The greatest violence of “Under Sullen Skies” is wrought by vocalist and guitarist Mike Hill. While the nature of the band’s approach means that his voice often floats apart from a rather integrated collection of instrumentalists, it is a creative choice which allows him to drift dynamically between passages. “Secrets of the Black Sun” hears him bellow like a blistering winter wind across frigid snow despite the torturously slow pace the track employs otherwise. Hill shows off his vocal versatility in a similar fashion in penultimate track “Sombre Ruin.” For each offering which takes a more meandering, almost doom-influenced approach, there are moments which burn with fierce intensity. “Lex Talionis” is one such example, a brilliant demonstration of fluid songwriting coupled with masterful work from Matt Medeiros on guitars. Medeiros is able to transition cleanly from a speed-driven approach to a more sullen, atmospheric pondering across strings, carrying the album’s pivotal moments.
For all of its unfiltered rough edges, there are moments which reveal a surprisingly nimble instrumental approach. The bass is not used merely as a hammer designed to inflict soul-crushing brutality, but instead leaps between passages with clear direction. “Void Constellation” delivers its potent atmosphere by combining a tantalizing opening riff with injections of guttural bass notes, pulling listeners every deeper into the cosmic vacuum. Here, Hill’s voice rises above the pondering string instruments before crashing beneath violent percussion, much like the waves of a violent storm crashing over any brief glimpses of light one might glean from Tombs’ barren soundscape.
Pure metal from its substance to its song titles, the appeal of “Under Sullen Skies” persists from the first notes of “Bone Furnace” through the final echoes of “Plague Years,” from its slowest crawl through its most violent explosions. Most of the album is straightforward and engaging, but surprises such as the haunting spoken word on “Angel of Darkness” or cinematic flourishes opening “The Hunger” only add to the experience as a whole. Timely changes in tempo and consistent yet carrying approaches to the instrumental mix make “Under Sullen Skies” a strong addition to the Tombs discography, and one that is fitting to conclude a year such as this.

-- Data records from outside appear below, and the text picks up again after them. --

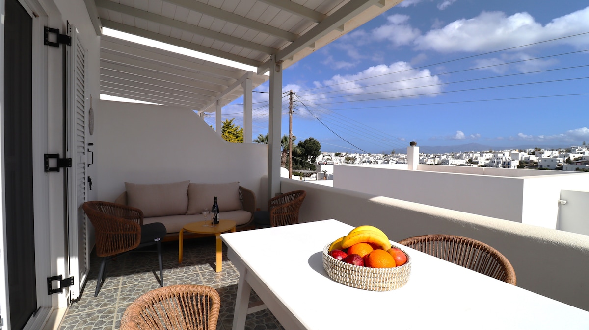 Sunset Smiles in Naousa, is a recently refurbished modern apartment with 2 bedrooms and 1 bathroom. It's location is ideal, as you are just 5-mins on foot away from the cosmopolitan center of Naousa and you can leave your car at the parking space, which is very important during the high season! Restaurants, super market, coffee shops and bakery are all around the corner. Enjoy a relaxing space with all modern amenities, proximity to all of Naousas' places of interest, privacy and Sunset view!
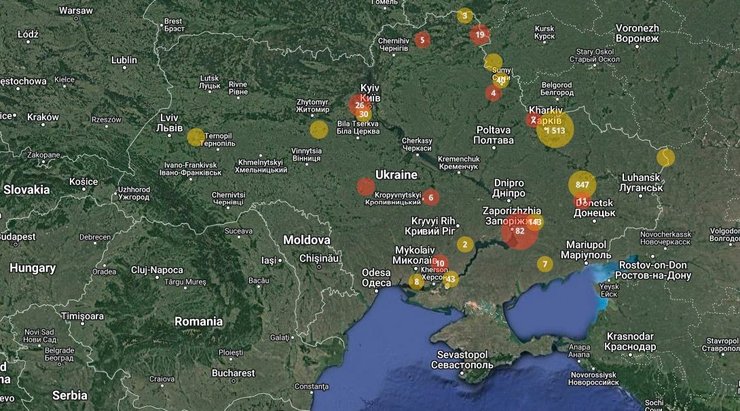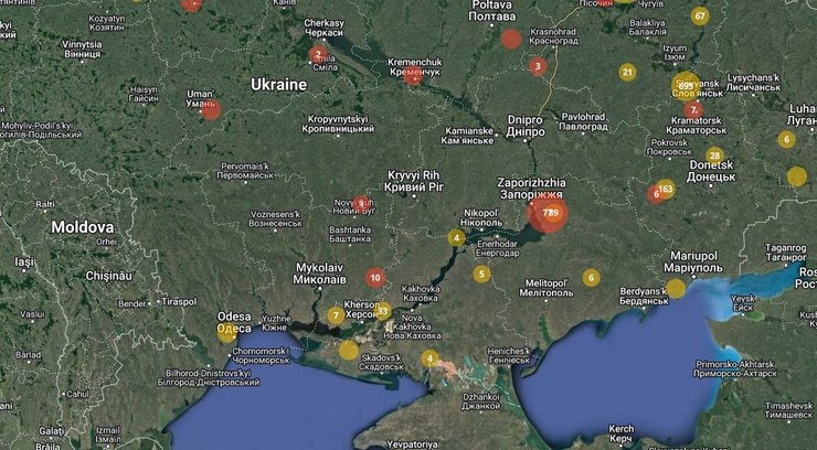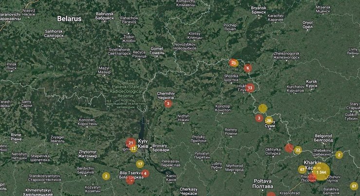 Судячи з карти, найнебезпечніші зони розташовані в Миколаївській, Запорізькій, Харківській, Чернігівській, Сумській і Донецькій областях, а також у східній частині Київської області. Декілька "червоних" локацій відзначено біля Черкас, Кременчука, Білої Церкви, Кривого Рогу, Полтави, Умані.
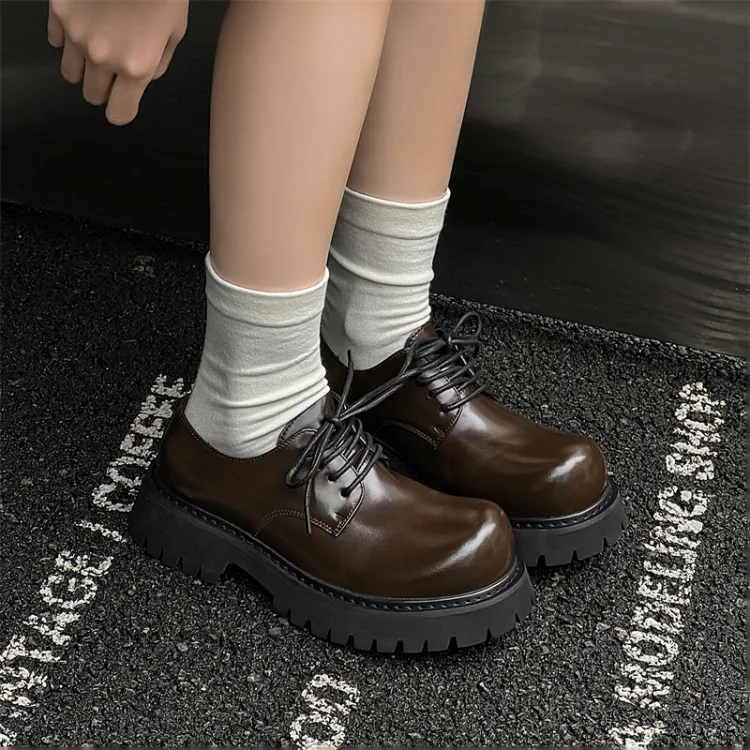 ZHENRAN Chunky Derby Обувь Повседневная Кожаная Обувь Унисекс
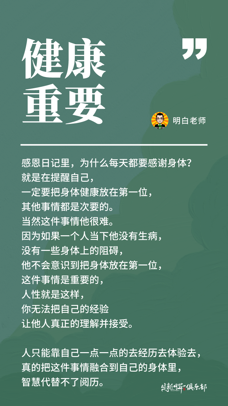 感恩日记里,为什么每天都要感谢身体?就是在提醒自己,一定要把身体健康放在第一位,其他事情都是次要的。当然这件事情他很难。因为如果一个人当下他没有生病,没有一些身体上的阻碍,他不会意识到把身体放在第一位,这件事情是重要的,人性就是这样,你无法把自己的经验让他人真正的理解并接受。
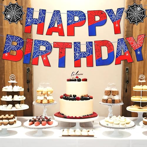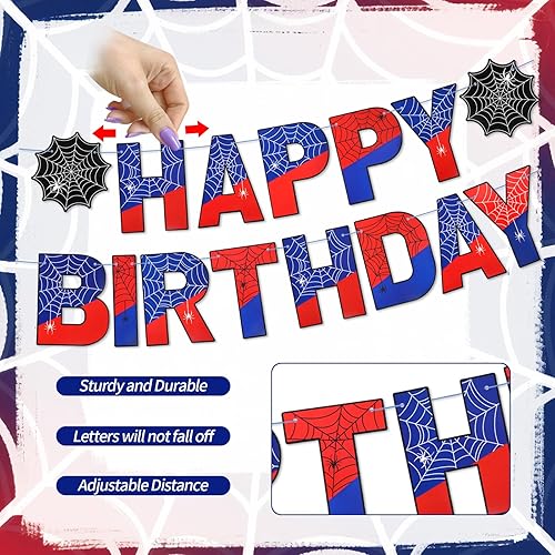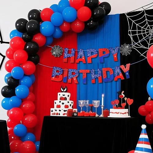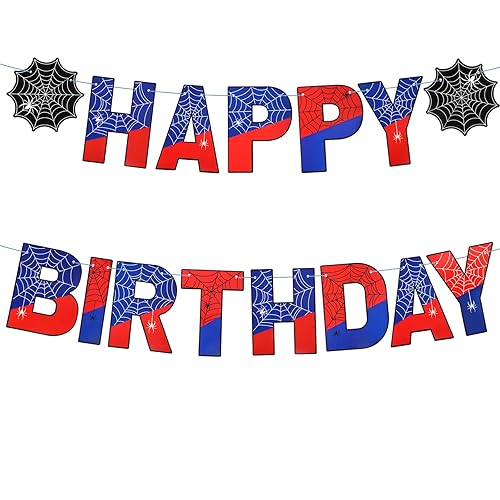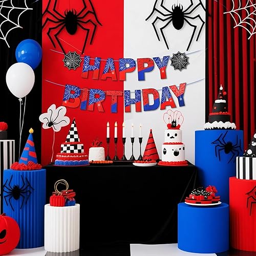 SAVITA Bannière Anniversaire sur Thème Araignée, Guirlande Joyeux Anniversaire Rouge et Bleue avec Ruban et Enfileur pour Toile de Fond de Fête Suspendue à Faire Soi-Même
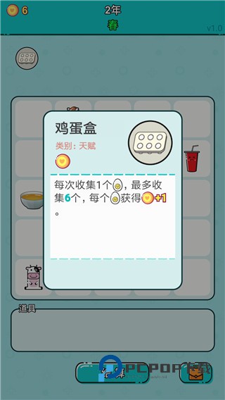 3、鸡蛋盒,每次收集一个鸡蛋,最后可以收集六个,每收集一个就能获得一个金币。
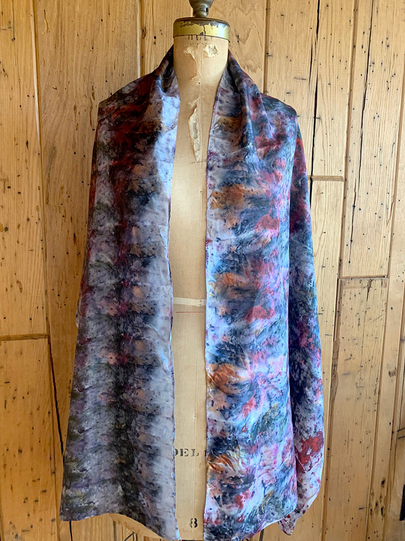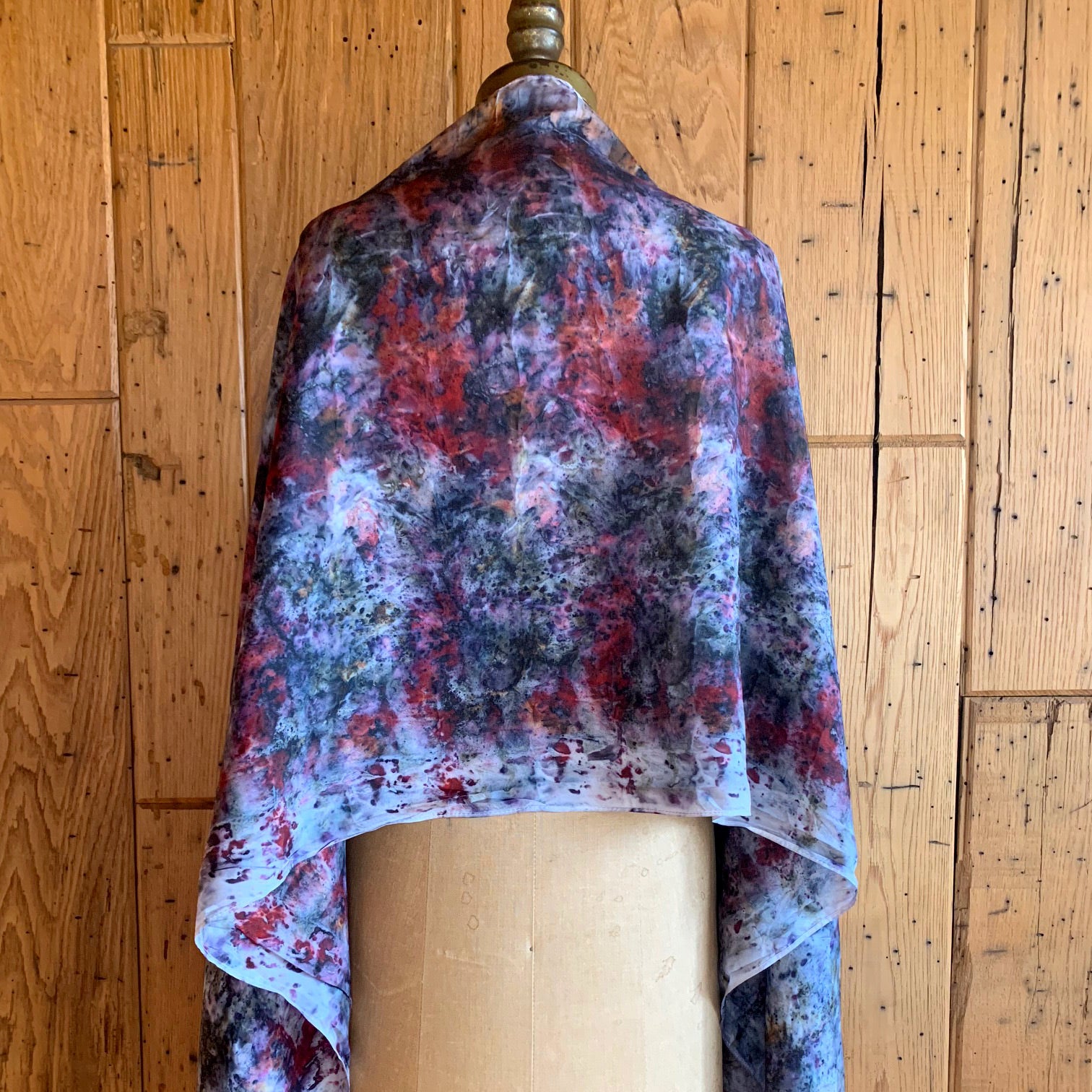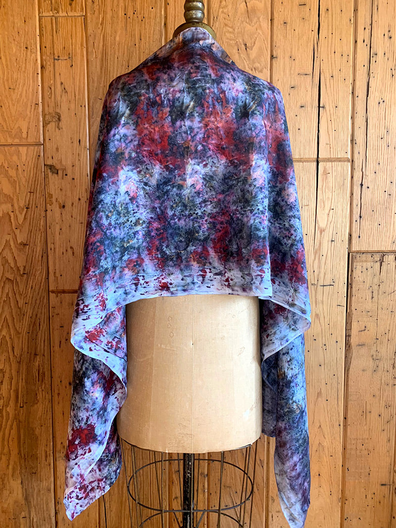 This one of a kind piece reminded me of the sacred work of tending fire. Be it our own inner passions, creativity, or love. Find inspiring colors of red, blue, pink, green, burnt orange, and purple. Bring the power of the plants everywhere you go, this piece wears wells for dressing up or with jeans. Wrap around yourself as a mediation shawl or work with in ceremony. The options are endless for these one of a kind pieces.
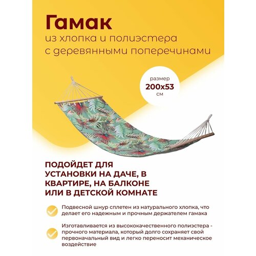 Гамак из хлопка и полиэстера с деревянными поперечинами, 200х53 см
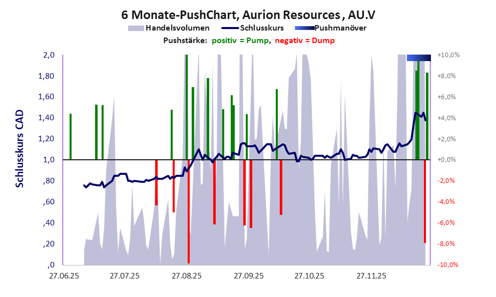 Die Pushstärke ist umso höher, je stärker die Kurse vom durchschnittlichen Verlauf abweichen und daher ein Verdacht auf Kursmanipulation besteht.
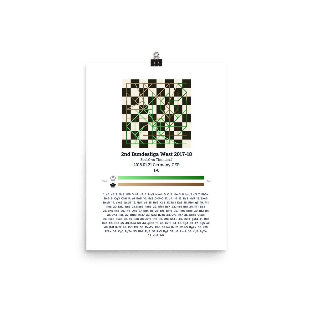Museum-quality poster on thick, durable matte paper. A sharp, clean look for any chess visualisation.

Released By: Season of Mist
Release Date: November 20th, 2020
Genre: Black Metal
- Mike Hill / Vocals, Guitars, Keyboards, Electronics
- Drew Murphy / Bass
- Justin Spaeth / Drums
- Matt Medeiros / Guitar
“Under Sullen Skies” Track-listing:
- Bone Furnace
- Void Constellation
- The Hunger
- Secrets of the Black Sun
- We Move Like Phantoms
- Lex Talionis
- Angel of Darkness
- Sombre Ruin
- Plague Years
Tombs has always offered black metal without compromise, and "Under Sullen Skies" once against demonstrates their authority in the genre for the modern age. Raw brutality defines an album that embraces darkness wholeheartedly, making the band's second release this year just as memorable as the first.